"We at NYSPACE learn not only what is currently on the market, but what will be on the market next week, next month or next year."
his section is rather long, but extremely important. Nothing can be fully comprehensive, even in such length - it would take volumes. And every tenants needs are somewhat unique. We at NYSPACE pride ourselves at bringing a technical approach in comparing the several spaces a tenant will be (and should be) considering and negotiating for, and make every effort to keep our tenants fully informed of all such comparisons and their ramifications. So with this caveat, we hope you find this informative.
NYSPACE has all available listings in Manhattan. We receive mailings from owners and owner's agents. We subscribe to the computer listing services. But most importantly, we also use our own network of experienced brokers to make daily contact with building owners and agents, and others who, for one reason or another, are not in the computer listings and/or are not represented by agents. By this personal contact we at NYSPACE learn not only what is currently on the market, but what WILL BE on the market next week, next month or next year. Each of our professional tenant representatives are experts in a specific geographic region of Manhattan and do their own tracking of that area, making our in-house data base the most accurate and up-to-date of any in the city. This information is shared by the entire office. In times of low vacancy rates, like now, it is just human nature for some landlords and their leasing agents to hold back some information from the mailings and the listing services, especially small spaces about to come to the market. Because of our long-term relationships with these owners and agents, we know about these spaces too. This comprehensive and cooperative approach has helped make us, we believe, the most competitive brokers in Manhattan, and the best tenant-only firm.
There are several other issues, which are often missed or misunderstood, but are essential. Escalations, the formula or percentage by which the rent increases each year varies from building to building. It could be as simple as a straight percentage increase (3% to 4% for example) or the Consumer Price Index (CPI) which theoretically keeps up with inflation, the direct operating expenses of the building, or based on some unrelated concept such as the percentage of increased wages received by building employees (Porter's Wage) with or without their fringe benefits, etc, etc, etc. A tenant should become fully informed of these various formulas so as to truly compare one space's lease terms to another. In addition, most buildings pass along increases in real estate taxes, fuel, utilities, etc. Some of these are insignificant. Most are not. So in comparing spaces, the rent per square foot is just the beginning.
Which brings us to "Loss Factor". The last thing a landlord's agent wants to point out to you is the loss factor. But this is the one item, if overlooked, can cost you the most. This, theoretically, is the percentage of the space "lost" to the common areas of the building or the proportional share of common areas attributed to a specific space. Loss factor can and does vary from building to building, and even from floor to floor in the same building. The factors included as "common" are things such as the lobby, elevator shafts, stairways, super's office, boiler room, storerooms, bathrooms, hallways, etc. Unfortunately, some owners have added an extra ingredient - imagination. Just be aware that it exists. Measure the spaces that seem to work best for you and on which you might negotiate so that during and after the negotiation you will be able to determine the price per "useable" (as opposed to "rentable") square foot, more than for any other reason so you can compare the value (per useable square foot) of one space to another, apples to apples.
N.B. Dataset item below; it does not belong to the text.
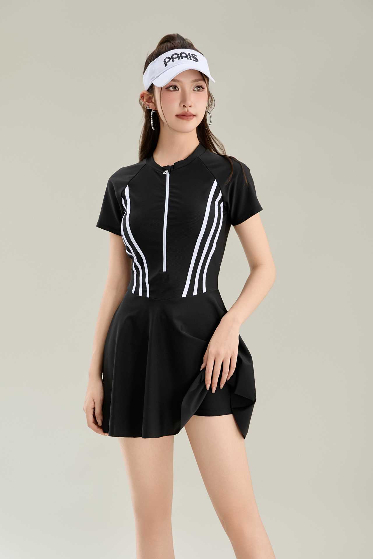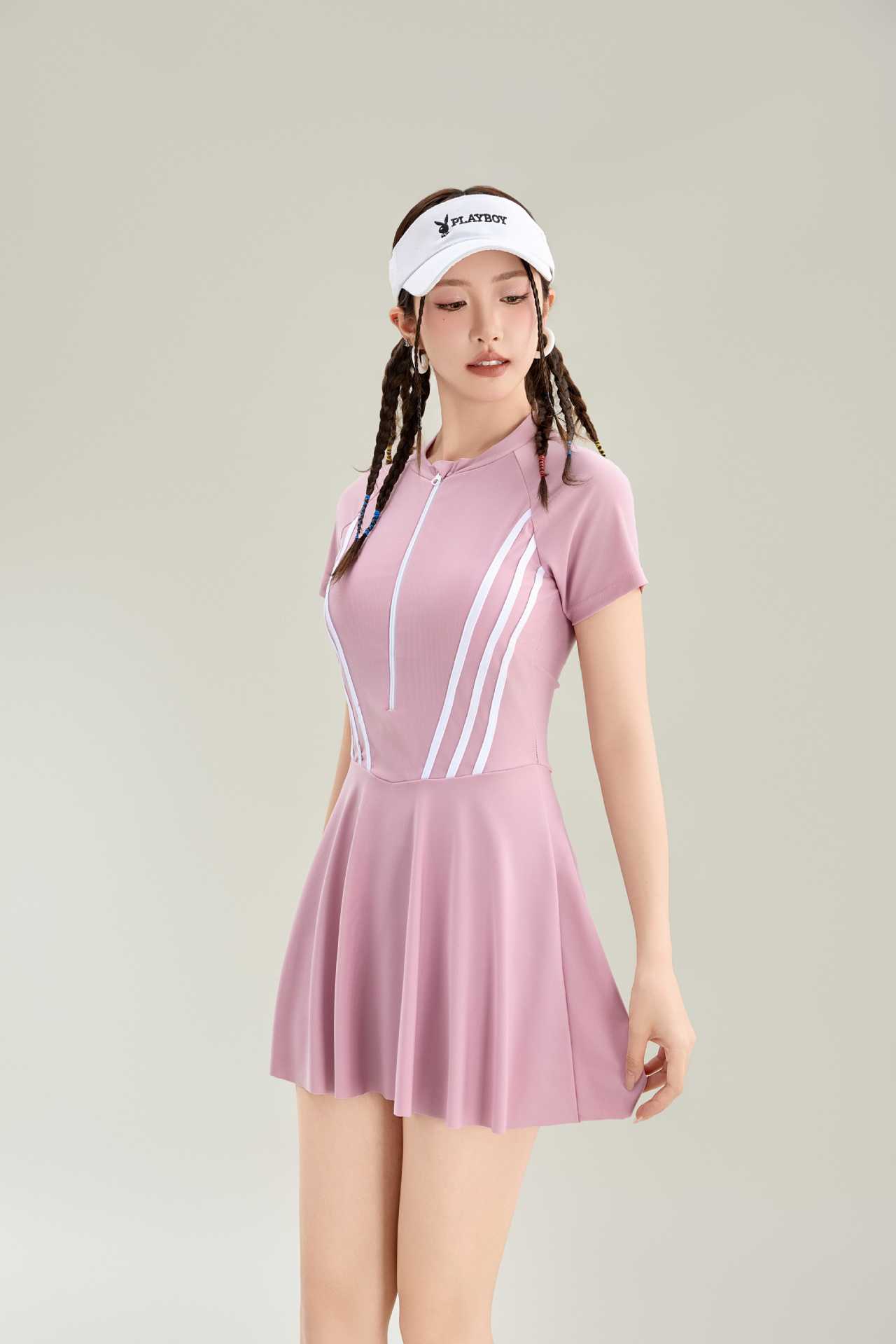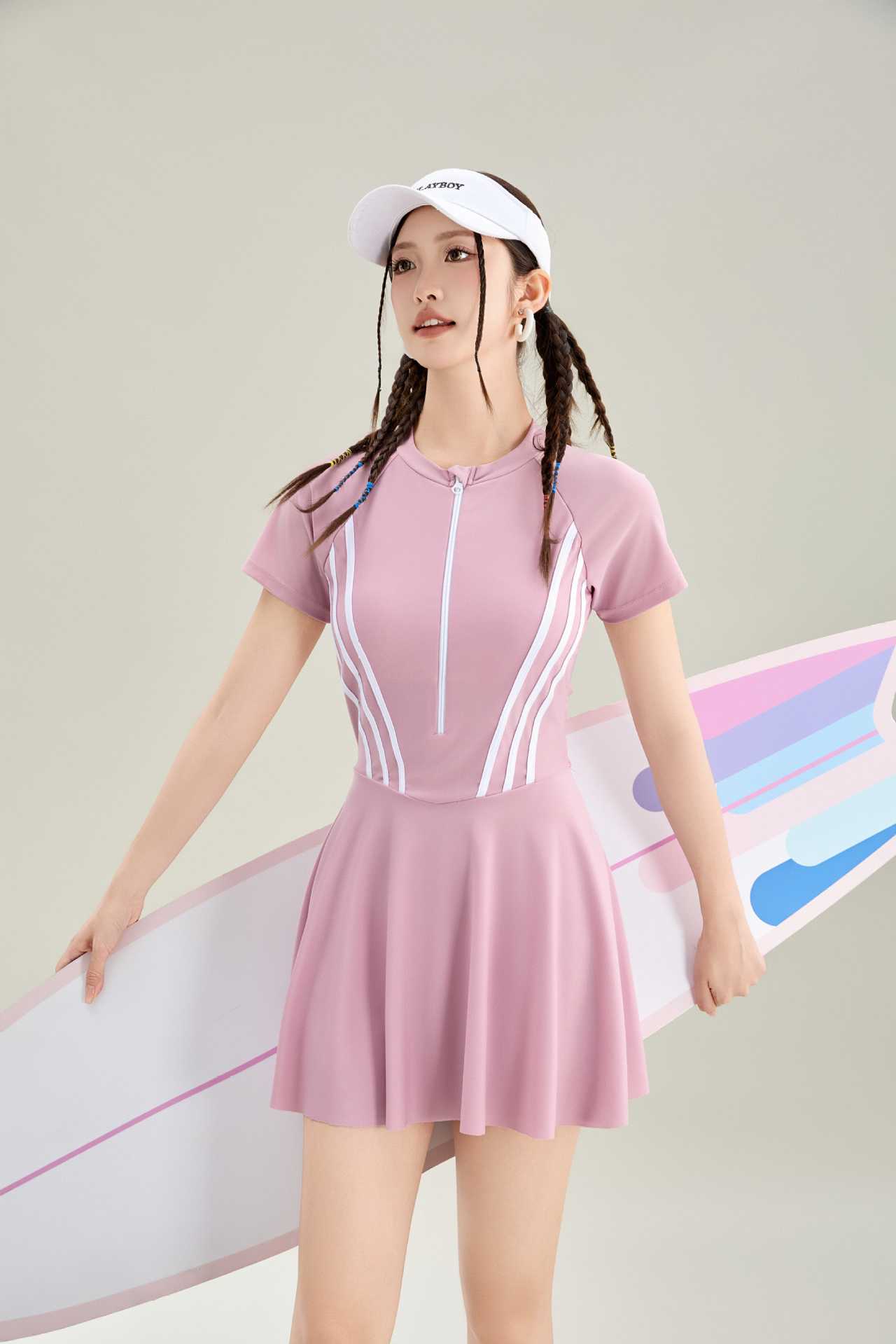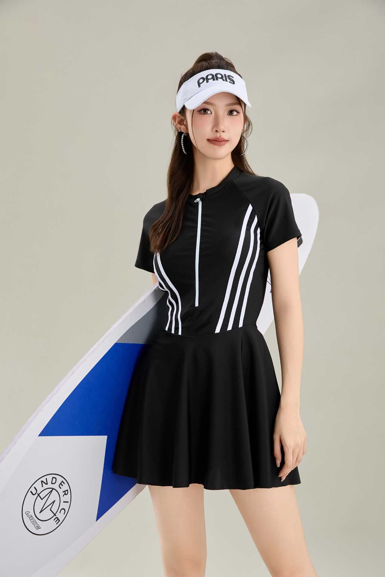 2025 새로운 수영복 여성 원피스 스커트 반팔 수영복 벨리 커버 슬리밍 학생 수영 스포츠 수영복 도매스토어 가기
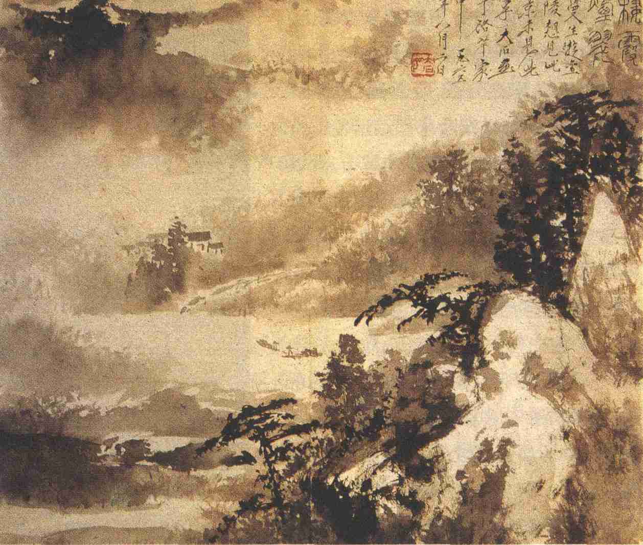 《栖霞烟翠图》,图纸仅方寸,却涵盖了宽广天地,近景右侧山石隆起,林木密茂,从山脚迤逦而上,上、中、下三处各耸起浓黑大松,倍见醒目。图中央为宽敞河道,东岸多港汊,丛生芦苇,西岸为丘陵地,远近有两处居民点,一脉清流,汨汨从里山流向河道。这西岸景色,全用淡墨点簇而成,烟翠迷远,岚气弥漫,近似上佳的水彩画,一人间仙境也。河道中央有二渔舟徜徉,各坐一隐逸高士,均戴笠,似在晤对,远处烟云迷濛,一峰耸立在隐约中,谅即凤翔峰。全图水墨淋漓,接青叠翠,山光水色,一派江南旖旎风光。小中见大,足敞胸怀。

Another question often asked is WHEN SHOULD I START MY SEARCH ? Well, that depends. If you're looking for 5000' then probably about six months before you need to move. If your requirement is 20,000' or more, then I would recommend starting a year in advance.
What about RENEWAL ? One of the tricks landlords employ is to put-off speaking with a tenant about the specifics of renewal until it's too late to go out and find new space. Even if you want to renew you should go out and learn the market - available space, price, etc. - to use as ammunition during your negotiations . This will help keep your new rent down and, if you can't come to terms, you'll be ready to move elsewhere without having to scramble. We're happy to assist you by showing space and giving you all the information you'll need even if you intend to renew.
We hope you found this helpful. Some is obvious, but we believe it presents a good overview of how this business works. Unfortunately the learning curve is such that you learn this "stuff" just in time to forget it. By the time you're ready to do it again, say in five years or so, everything has changed - the market, the buildings, the rents, and most of the players - more than half the brokers and salespeople will be gone and replaced. We at NYSPACE have a long, successful track record of helping tenants through this learning curve - this maze if you will. Our job, again, is not to sell you a space or convince you what to do. Our job is to help you sort through ALL the available information so you can make the best informed business decision in choosing space for your company.